Heidi Latsky
Artistic Director/Choreographer/Performer, Heidi Latsky Dance
Former Principal, Bill T. Jones/Arnie Zane Dance Company
Heidi Latsky, originally from Montreal, first received recognition as a celebrated principal dancer for the Bill T. Jones/Arnie Zane Dance Company (1987-1993). Her experience there profoundly influenced her style and her philosophy of dance as she developed a reputation in her own right as a choreographer for stage, theater, and film.
In 1993, she received a commission from the Cannes International Dance Festival. Three years later, she was chosen to represent Canada at the Suzanne Dellal International Dance Competition in Tel Aviv and at Danse a Lille in France. Since then, Latsky has toured extensively throughout the United States and Europe with her own company and as part of Goldhuber & Latsky, with former partner Lawrence Goldhuber.
Latsky headed the Movement Department at The School for Film and Television from 1998-2005, where she developed her teaching practice: The Latsky Method. She has taught internationally throughout her career and her “Movement Portraits in Action” program has been implemented at the AIDS Service Center and The Creative Center in NYC.
While working with Theater Director Mary Fulham, she received two Innovative Theater Award nominations. She served as choreographer on Academy Award nominated Katja Esson’s film “A Season of Madness” and as director and choreographer on Susan Murphy’s GIRL/GROUP at the Marquee, NYC (2003).
In 2001, she founded her own company, Heidi Latsky Dance (HLD). During the fall of 2006, Latsky began an intensive period of creation with bi-lateral amputee, Lisa Bufano. This marked a significant shift of focus for HLD and a period of immense growth, during which she more fully developed the company’s mission and vision. HLD received an ARC grant through Pentacle that included mentoring Latsky for a period of 18 months, and in 2009 she was chosen by Creative Capital Foundation as one of four choreographers nationally to receive a three-year award for her evening-length work, GIMP. In 2014, she was selected as the first participant in “Dance for Film on Location at Montclair State University,” a three-year short film series underwritten by the Andrew W. Mellon Foundation. The film premiered as part of the company’s live show at Peak Performances in April 2015.
Her range of work is as varied as guest lecturing at Harvard University, performing with other Bill T Jones’ alumni in “SUMMER REUNION,” restaging a piece of Arnie Zane’s at the University of Wisconsin/Milwaukee, creating a work at the Aaron Academy for high school students with learning disabilities, directing workshops in performance skills, performing in 2012’s TEDxWomen, and developing new works for her contemporaries like Li Chiao Ping as featured in several films by Douglas Rosenberg, including Seven Solos in 2012.

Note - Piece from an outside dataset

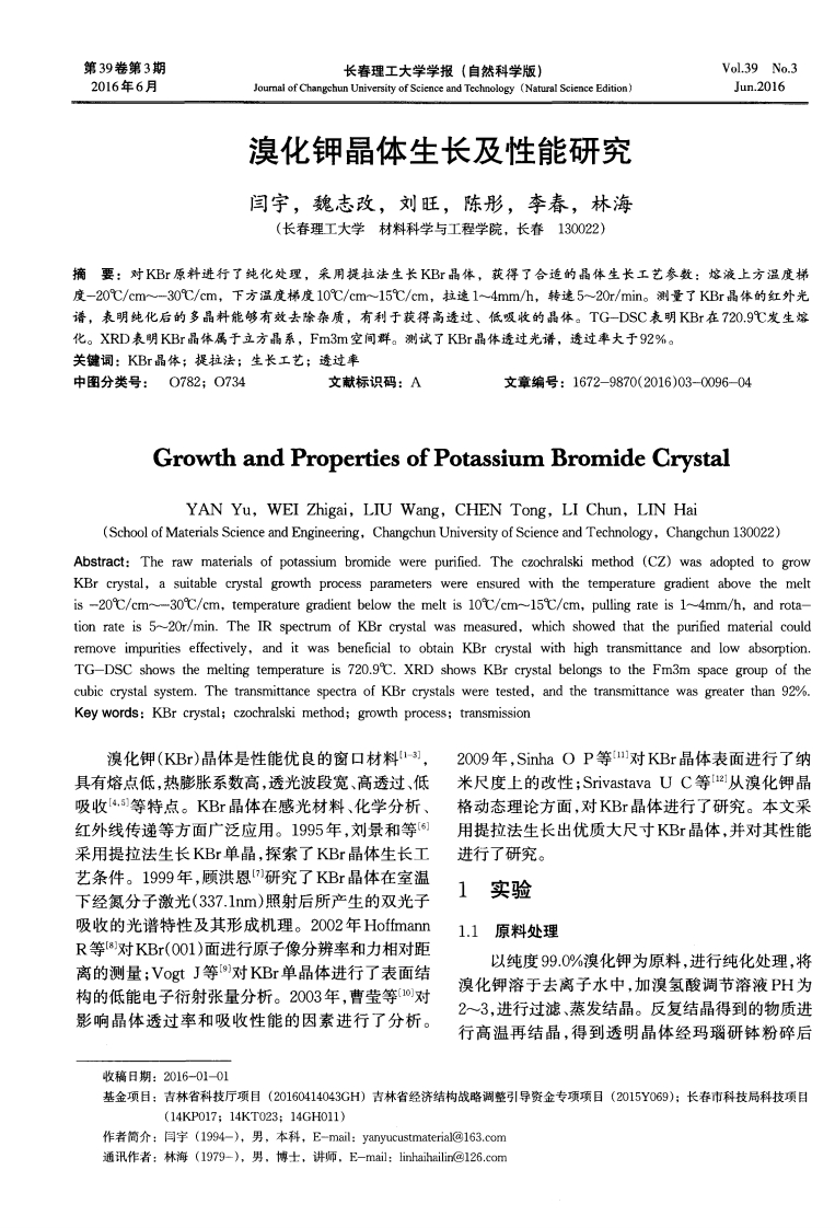 首页毕业论文化学溴化钾晶体生长及性能研究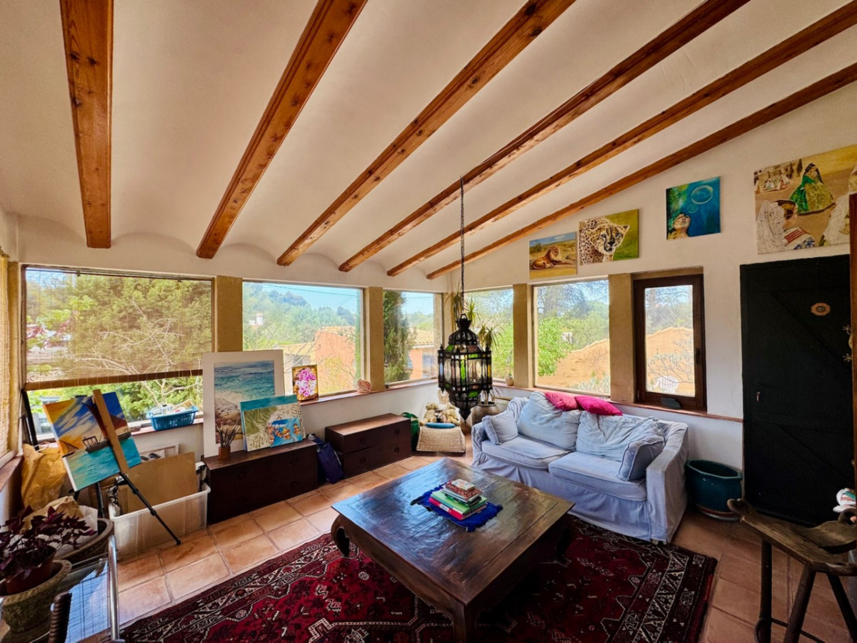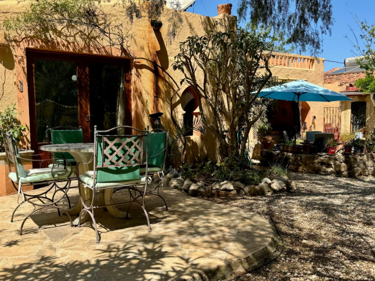 In the middle of the Montgo natural park we find this authentic Mediterranean villa with potential. Guaranteed green area where new construction is not allowed, quiet location yet only 8 minutes from the bustling center of Javea. Through an electric sliding gate you enter the property with carport, parking space for 4 cars and direct access to a small casita, used as an art studio for the moment. Both the house and the guest house have private entrance doors.

Latsky is an advocate for disability rights and serves actively on the Disability Task Force for Dance/NYC. As a core part of its mission and work, HLD is committed to reflecting the diversity that it serves and actively follows the disability rights movement by embracing ‘nothing without us’—that is, its practice in choreography and performance and its composition of board leadership and staff has the representation and full, direct involvement of disabled people. She has sustained partnerships with Commissioner Victor Calise of the Mayor’s Office for People with Disabilities and the NY Academy of Medicine.
Latsky has continued her work as an adjudicator of the American College Dance Festival Association’s (ACDFA) and serves on the Artist Advisory Board of Danspace Project. She has a BA in Psychology with Honors from Carleton University (1979), receiving the Senate Medal for Outstanding Academic Achievement and The Ottawa Ladies College Scholarship.
Latsky’s recognition in the dance community include the follow awards: Creative Capital Award (2009-2012); McGinnis Lectureship Award from Point Park College (2000); Scripps/ADF Primus-Tamaris Fellowship for Choreography (1997); Canada Council B Grant (1986); and Floyd S. Chalmers Award/Ontario Arts Council (1983). She has received commissions from: 10 Hairy Legs; 92nd Street Y; Harkness Dance Project; American Dance Festival; Cannes International Dance Festival; Celebrate Brooklyn!; Danspace Project; Dance for Film On Location at Montclair State University; Dancing Wheels;
Joyce Theater; Libre Echange; and the Whitney Museum of Art.